まあレアードがホームラン王になったのは下位打線で自由に打たせた結果かもしれないから、5番あたりに上げて重圧がかかったり力んで結果が出ないことも予想される。一人一人の力量、性格、プレースタイル、打線としての流れなどを総合的に考えると9人を並べる打順はなかなか奥が深い。


社会人で言えば人事も一人一人が活躍できるよう配置されるのがベストだが実力以外に入社年次やら序列やら玉突き人事的な組織の論理でどうにでもなる。


だが同じ部署やら同じチームにイケイケの人ばかり、感性の人ばかり、論理的な人ばかりかたまっても危なっかしい。やはり打線のようにチャンスメイク出来る人(とっかかりをつかめる人)、クリーンアップ(ものにできる人)、小技が得意な人(機転がきく人)などがバランスよく配置された方がうまくいくに決まっている。あまり小さくまとまりすぎても面白みに欠けるが。


適材適所という意味では第1戦は緒方孝市監督の圧勝。ともに大谷翔平からホームランを打ったことがある松山竜平を4番に、エルドレッドはファーストとして、それぞれ新井貴浩に代わって出場。2人とも大谷翔平からまたホームランを打ってしまった。管理職としてもしてやったりだろう。

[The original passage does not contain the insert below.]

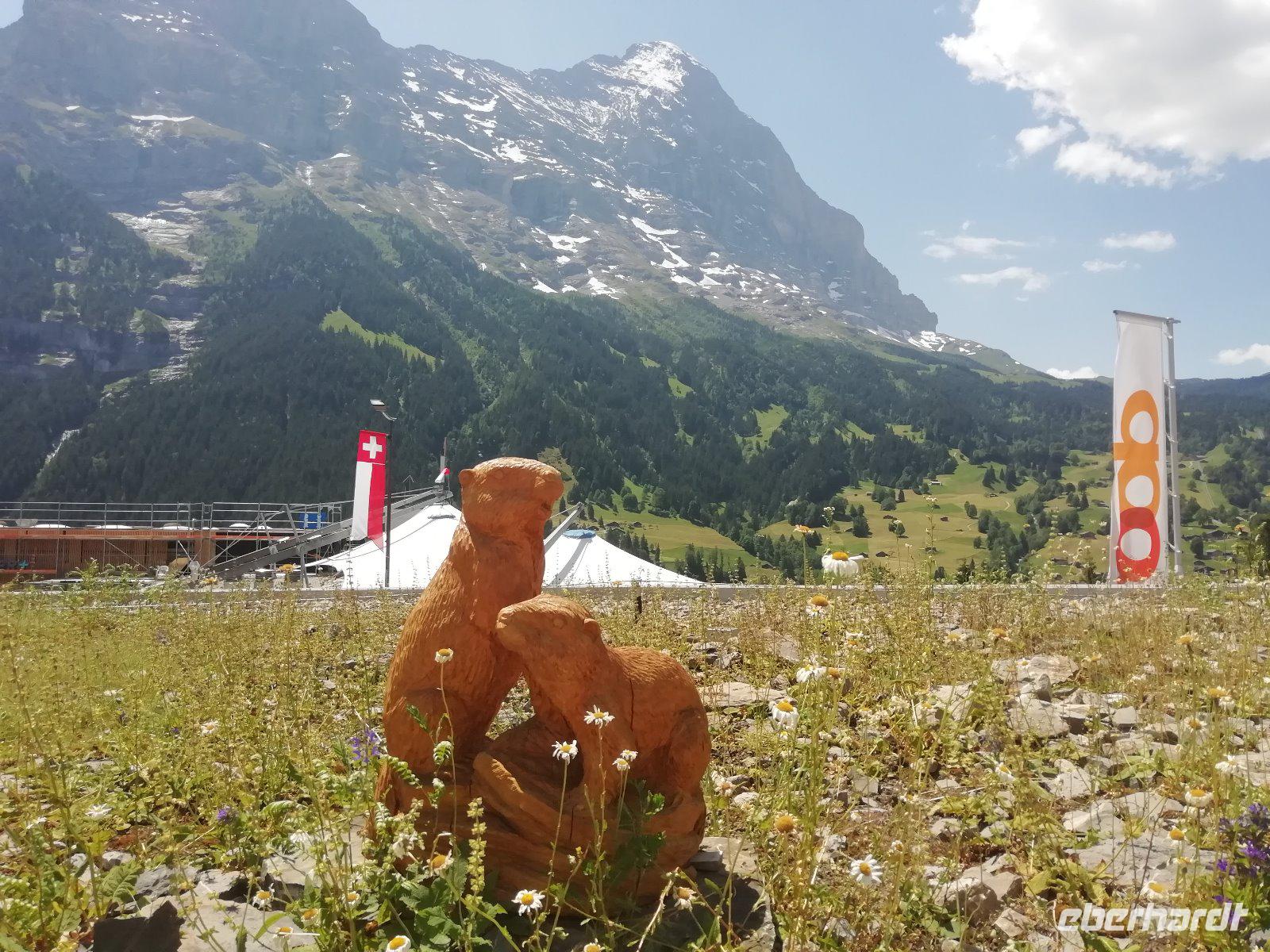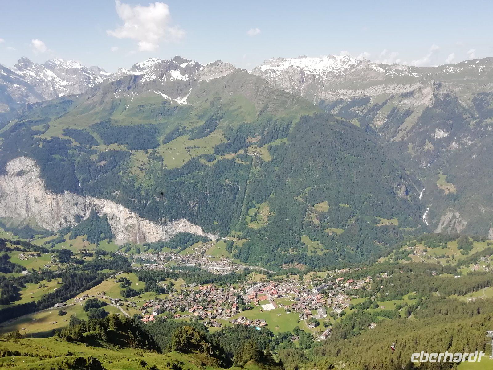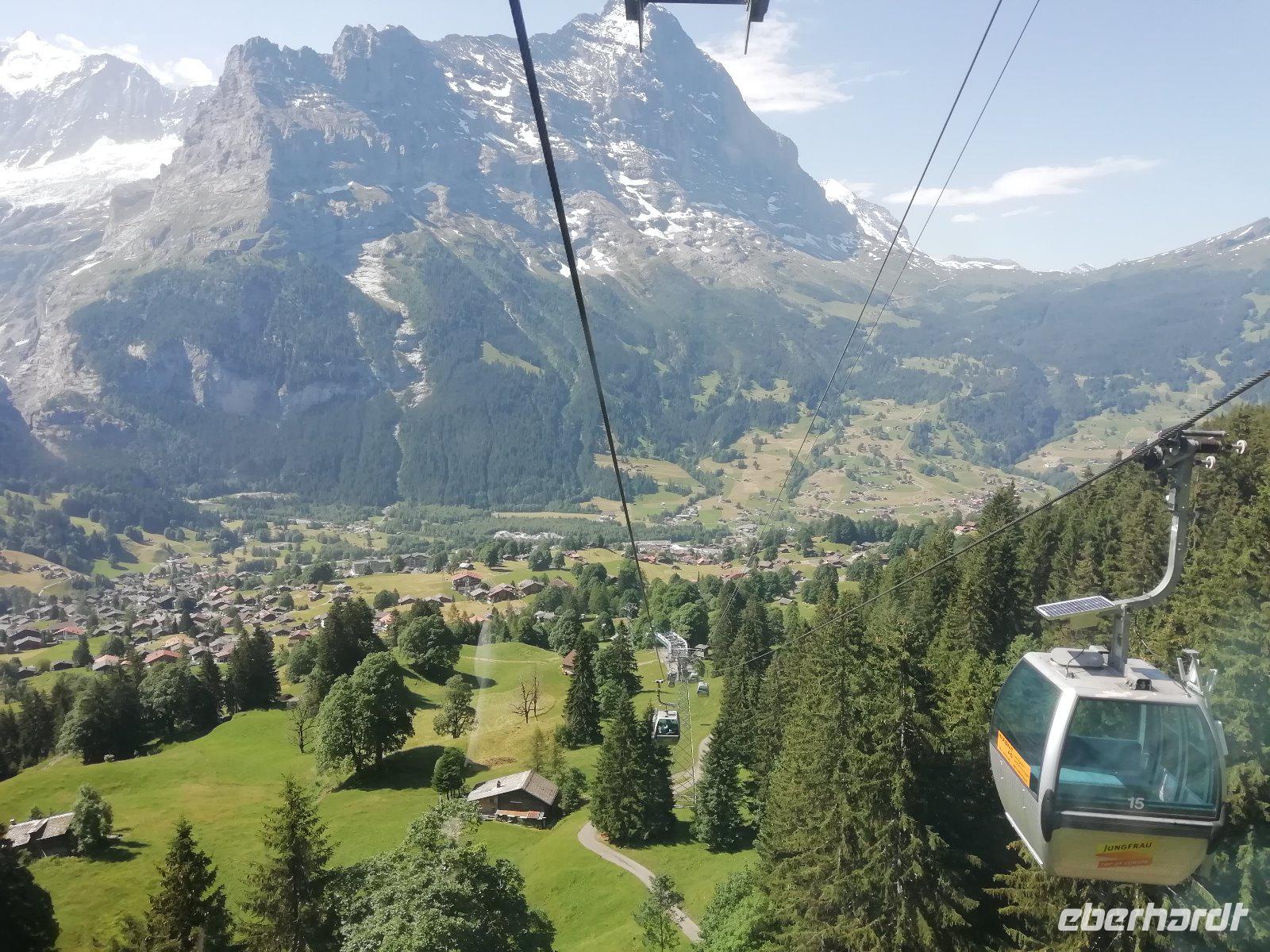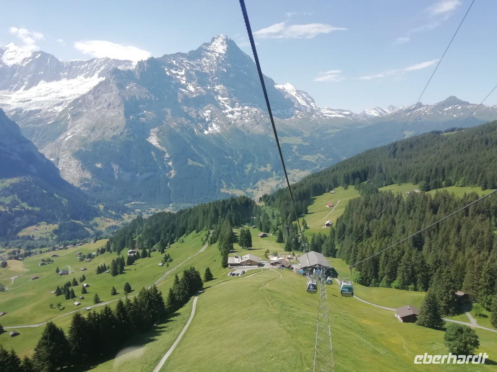 Zwar kann man mit dem First Flieger, dem First Gleiter, dem Trottibike oder einem Mountain Car einen Teil der Abfahrt vom First absolvieren, wir entscheiden uns aber alle wieder für die Seilbahn. Unten in Grindelwald empfängt uns wieder die hochsommerliche Hitze. Nach einem Spaziergang durch das Gletscherdorf zum Bahnhof geht es mit dem Bus zurück. In Lauterbrunnen nutzen einige noch die Zeit für einen Abstecher zum Staubbachwasserfall.

初戦は5-1で広島が勝ったがシリーズの流れはまだ分からない。先制点のホームスチールのシーンは日本ハムのキャッチャーが1塁ランナーの二盗を防ごうとセカンドに送球する間に生還を許した。しかしあれはピッチャーカットだったのではないか。セカンドとショートが2塁に詰め切れておらず危うくキャッチャーからの送球がセンターに抜けるところだった。あれを大谷翔平がカットして3塁走者を殺していたら失点は防げたと思うがいかがだろうか。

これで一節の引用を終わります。